Developers are likely to finish work on more than 100,000 new or renovated apartments affordable to low-income families in 2019. It will not be enough to satisfy existing market demand.
According to Michael Gaber, president of the Affordable Housing Tax Credit Coalition (AHTCC), based in Washington, D.C., more than 10 million households nationwide pay more than half of their income on rent. That leaves too little money for other expenses, including health care, transportation and nutritious food, he says.
To create more affordable housing, lawmakers in Congress propose to expand the federal low-income housing tax credit (LIHTC), the leading program to finance affordable housing. Local officials in municipalities throughout U.S. have also relied on program like inclusionary zoning, which asks apartment developers in certain locations to include affordable units in their projects in exchange for the right to build.
“We typically finance 100,000-plus units annually with LIHTCs,” says Jennifer Schwartz, director of tax and housing advocacy for the National Council of State Housing Agencies (NCSHA), based in Washington, D.C.
For example, state and local housing agencies financed 110,246 units of affordable housing in 2017 through the LIHTC program, according to NCSHA. The bulk of those units are likely to be finished in 2019. The LIHTC is the most important U.S. affordable housing program. With few exceptions, if a new affordable apartment is built from the ground up or an older affordable apartment is saved from eventual demolition, the development probably received some of its financing from LIHTCs.
Developers of all types started construction on a total of 342,700 new units of multifamily housing in 2017, according to the U.S. Census data. Of those, roughly one-in-seven will be affordable to low-income residents under the rules of the LIHTC program. However, because of the high cost of new construction, “Luxury apartments without income restrictions… have taken up the bulk of the development in recent years, burying the growth in affordable units,” says Tara Jeffcoat, senior research analyst with data provider Yardi Matrix.

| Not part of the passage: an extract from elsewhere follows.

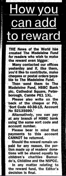 But what had happened to the News of the World Find Madeleine Reward Fund?
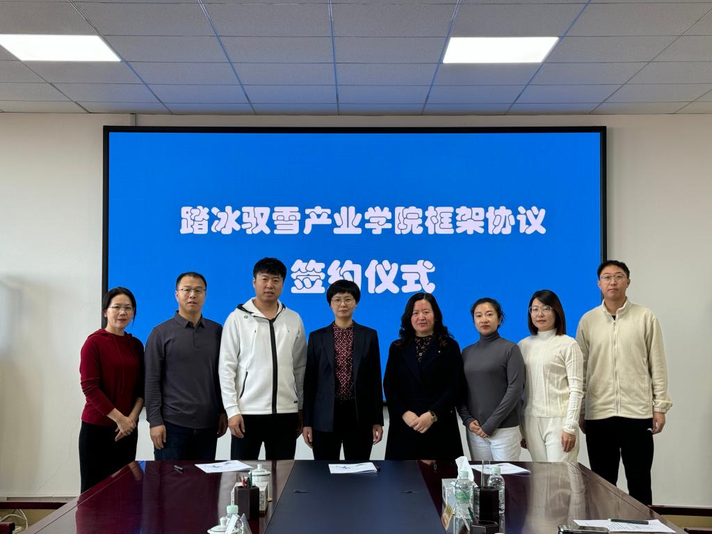 2024年12月10日上午,体育学院与康创体育文化发展(山东)有限公司、大庆市让胡路区油人滑冰运动中心签订共建共享现代产业学院框架协议,体育学院党总支书记楚丽丽、教务处副处长张玲、体育学院相关老师出席。

Still, multifamily developers are very interested in building affordable housing with LIHTCs. Most states distribute tax credits to developers through a point-scored competition. Often, developers apply for three times as many tax credits as state housing officials have to reserve.

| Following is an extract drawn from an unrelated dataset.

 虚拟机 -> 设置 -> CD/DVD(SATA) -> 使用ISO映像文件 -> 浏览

High demand for affordable apartments
The average vacancy rate for affordable apartment dropped slightly to 2.3 percent in the second quarter of 2019, according to Reis Real Estate Solutions by Moody’s Analytics. Most experts consider a project fully-occupied with a vacancy rate of 5.0 percent or less.
“The vacancy rate has remained within the 1.9 percent to 2.2 percent range since early 2016," says Mary Le, associate director with Reis. “Reis forecasts the vacancy rate to remain at this level over the next five years.”
In hot real estate markets, affordable housing is especially hard to find. For example, in the Pacific Northwest and Southern California, the occupancy rate for workforce housing has run almost 2.25 percent higher than the occupancy rate at market-rate properties, according to Yardi Matrix.
Advocates press for more money to build affordable housing
In June 2019, bipartisan lawmakers in Congress introduced the Affordable Housing Credit Improvement Act (S. 1703 and H.R. 3077). Among other things, the bill would increase the amount of LIHTCs available to developers by 50 percent, phased in over five years.
"Congress has the opportunity to provide more than 450,000 sorely needed affordable homes over the next decade," says Emily Cadik, executive director of AHTCC. That works out to an additional 45,000 units of affordable housing a year.